# [What the task asks]
Write out the data below exactly as given, without any of its pictures.

**** Data shown

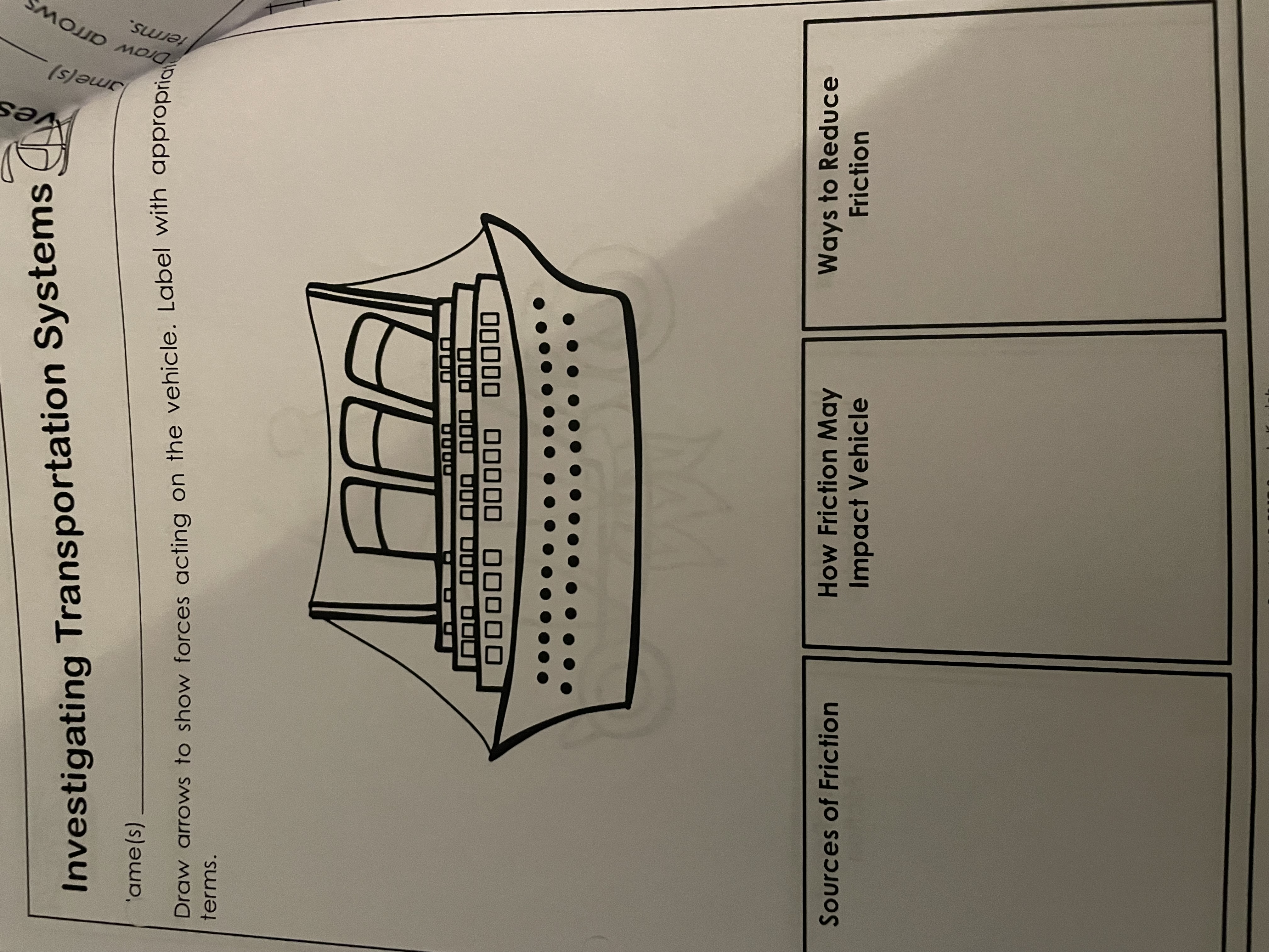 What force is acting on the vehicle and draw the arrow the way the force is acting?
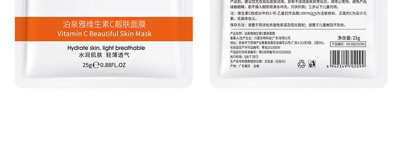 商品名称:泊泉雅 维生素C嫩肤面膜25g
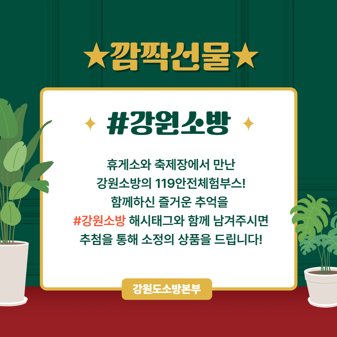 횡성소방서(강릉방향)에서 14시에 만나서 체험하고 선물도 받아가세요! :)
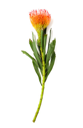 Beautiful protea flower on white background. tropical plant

********

# [Answer to the exercise]
 What force is acting on the vehicle and draw the arrow the way the force is acting?
 商品名称:泊泉雅 维生素C嫩肤面膜25g
 횡성소방서(강릉방향)에서 14시에 만나서 체험하고 선물도 받아가세요! :)
 Beautiful protea flower on white background. tropical plant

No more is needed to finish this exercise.